The British Dental Association (BDA) has accused the General Dental Council (GDC) of cynicism in its response to the legal challenge initiated by the BDA last month.
The GDC has sought to delay the legal process, arguing that there is no need for urgency as it intends to start drawing down fees from dentists during November and the judicial review, even if fast-tracked, will not be heard before the start of December. Once it has dentists’ money, the regulator says the timing of the argument about propriety is immaterial – proposing that the hearing can take place sometime in 2015.

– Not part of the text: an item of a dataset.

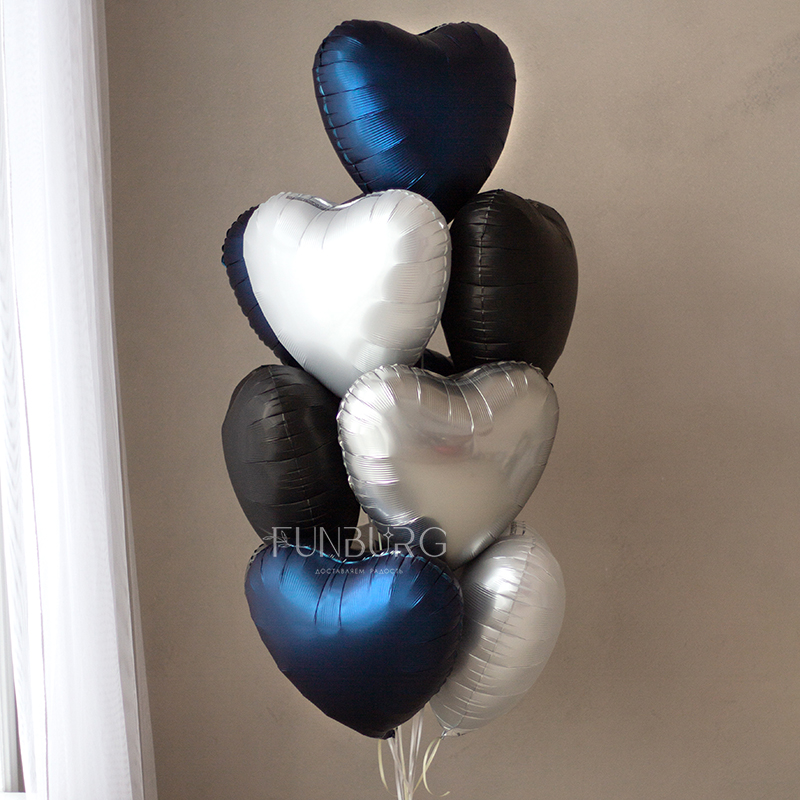 Небольшая гармоничная связка из сатиновых сердец насыщенного тёмно-синего, мерцающего белого, серебристого и сатинового чёрного, перевязанная для завершенности и особого шарма атласными лентами, отлично подойдет для подарка самым любимым и лаконичного украшения пространства для особенных случаев.

In a robustly worded objection to this assertion, BDA lawyers have sought to impress upon the judge deciding the matter that nearly 41,000 dentists will be being asked to hand over fees that are yet to be legally validated. The BDA says that the proper way to go about this is to decide whether this is lawful before - not after - the money is taken. It goes on to say that the GDC’s proposition gives no detail of how it will pay the money back if it is shown to be wrong – which the BDA has described as wholly unacceptable.
The Chair of the BDA’s Principal Executive Committee, Mike Armstrong, said:
This latest round of stalling is consistent with an astonishingly cavalier attitude demonstrated by the GDC throughout.

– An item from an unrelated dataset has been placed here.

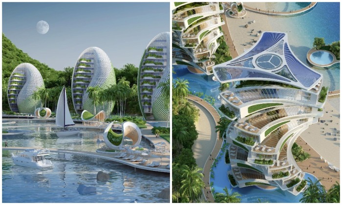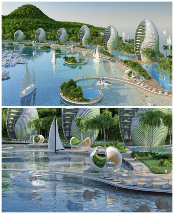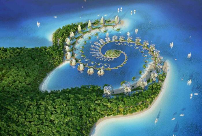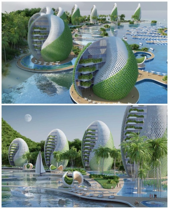 Футуристические формы, пышная зелень и голубые воды лагуны порадуют любителей неординарного отдыха (концепт эко-курорта Nautilus).

The regulator can be in no doubt about the strength of feeling or about the fact that its methods have been seriously challenged. We have sought to raise legitimate legal questions and obtain answers. We have been met throughout with stalling, avoidance and incomplete responses.
It looks like the GDC wants to engineer a position where it can pocket inflated dentists’ fees first and then argue about whether it should have done so later. We think that is simply unacceptable. It is not the kind of cynical tactics you’d expect from a statutory public body.